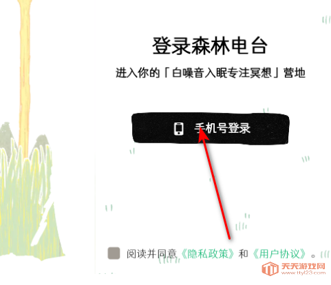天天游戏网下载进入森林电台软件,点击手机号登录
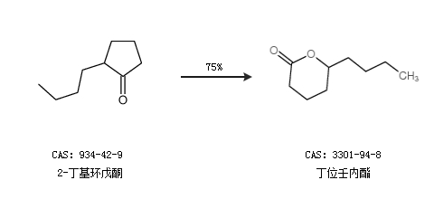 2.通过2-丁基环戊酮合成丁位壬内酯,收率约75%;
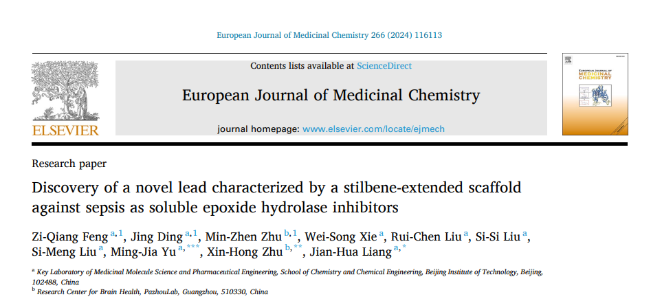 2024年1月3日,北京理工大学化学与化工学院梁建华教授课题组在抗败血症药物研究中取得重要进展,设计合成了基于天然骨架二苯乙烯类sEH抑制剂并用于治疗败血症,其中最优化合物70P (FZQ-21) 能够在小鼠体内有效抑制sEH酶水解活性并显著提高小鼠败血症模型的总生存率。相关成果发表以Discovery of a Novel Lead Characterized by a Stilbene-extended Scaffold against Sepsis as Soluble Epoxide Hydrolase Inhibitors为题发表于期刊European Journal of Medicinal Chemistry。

WHAT IS EXPECTED:
Nothing but the lines from the line with "2.通过2-丁基环戊酮合成丁位壬内酯,收率约75%;" through the end of the listing should appear in the answer, each duplicated exactly, without pictures.

ANSWER BOX:
 2.通过2-丁基环戊酮合成丁位壬内酯,收率约75%;
 2024年1月3日,北京理工大学化学与化工学院梁建华教授课题组在抗败血症药物研究中取得重要进展,设计合成了基于天然骨架二苯乙烯类sEH抑制剂并用于治疗败血症,其中最优化合物70P (FZQ-21) 能够在小鼠体内有效抑制sEH酶水解活性并显著提高小鼠败血症模型的总生存率。相关成果发表以Discovery of a Novel Lead Characterized by a Stilbene-extended Scaffold against Sepsis as Soluble Epoxide Hydrolase Inhibitors为题发表于期刊European Journal of Medicinal Chemistry。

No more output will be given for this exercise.